The 2009-2010 PLTW Model Schools, which were honored in Washington, DC during the National Innovation Summit, are: Anderson School Districts One and Two Career and Technology Center - South Carolina;Clarence Middle School - New York; Clear Springs High School - Texas; Davenport West High School - Iowa; Gulliver Schools - Florida;Lake Travis High School - Texas; Scott County High School - Kentucky; Southwest Academy for 21st Century Excellence - Wisconsin; Tulsa Technology Center - Oklahoma; Washington County Technical High School - Maryland.

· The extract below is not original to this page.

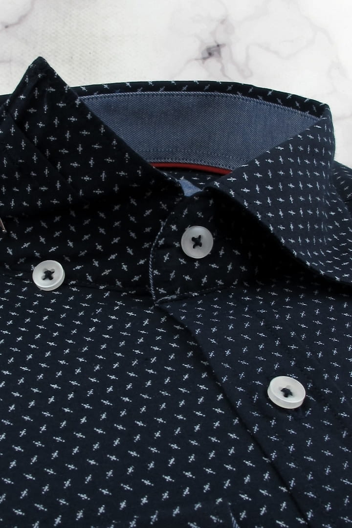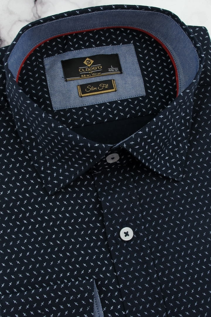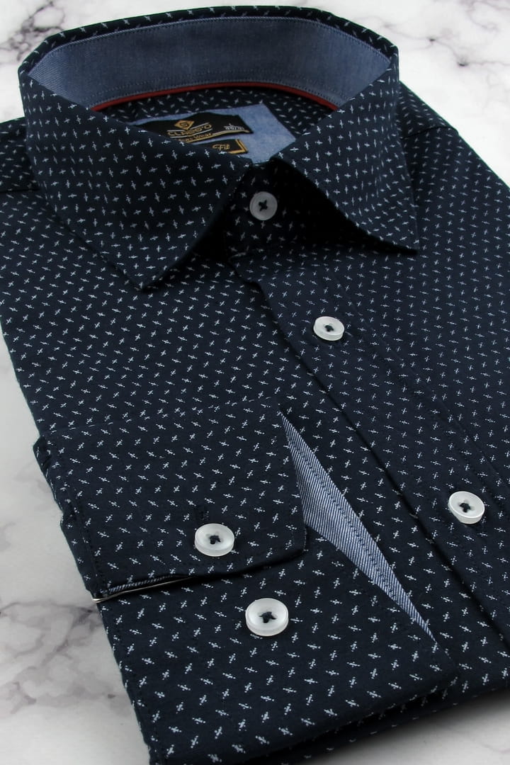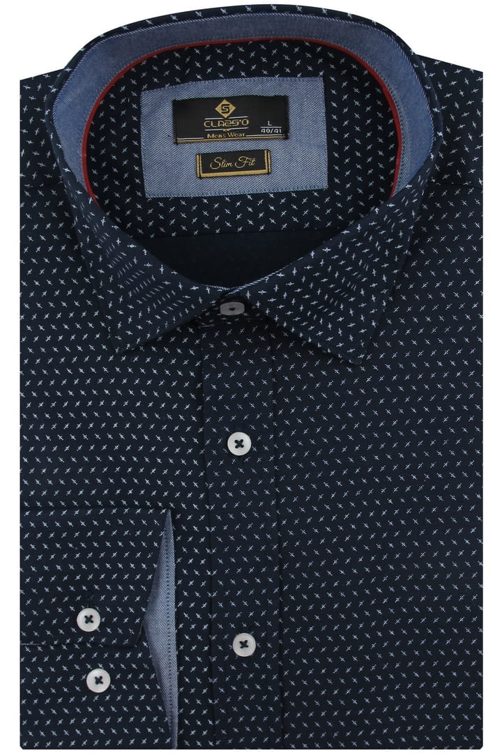 Koszula Męska Elegancka Wizytowa do garnituru granatowa we wzorki z długim rękawem w kroju SLIM FIT Classo H245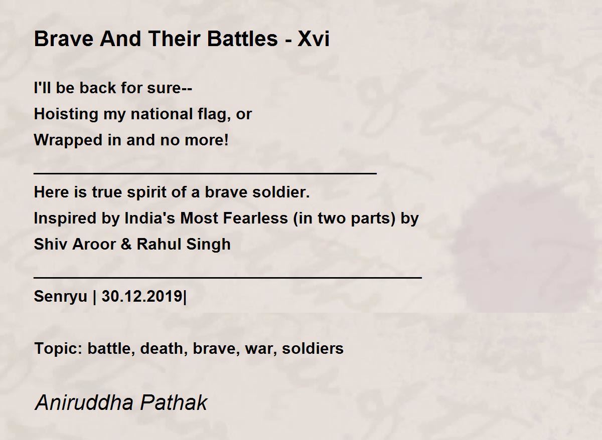 So touching! The words of the brave soldier who goes to battlefield to protect the country knowing very well that he may die there. My salute to brave soldiers who sacrifice their lives for the country.

"There are thousands of PLTW schools around the country that are engaging students in learning through imagination and innovation," said John Lock, CEO of PLTW. "Only ten are named model schools and we congratulate the teachers and students for the incredible work they've accomplished over the last year. Students in these programs are creating, designing, building and developing the problem-solving skills they need to be successful in the future. These programs are truly models for the entire nation."
This year's model schools embody a set of important characteristics, many of which are key elements of the quality and performance indicators outlined in PLTW's National Certification application. For example, the PLTW program at a number of 2009-10 Model Schools is being fully implemented, with more than 25% of the student population participating. Partnerships with business and industry and postsecondary institutions are in place and actively supporting the curriculum. Many of the Model Schools have developed a robust student recruitment strategy, which often features ongoing coverage of their program by the local media. Professional development is a mainstay of most 2009-10 Model Schools, with teachers and counselors not only attending PLTW summer training programs, but also in some cases taking an active role in leading them. Finally, many of these schools provide their students with the opportunity to work with local community members and businesses to solve meaningful problems.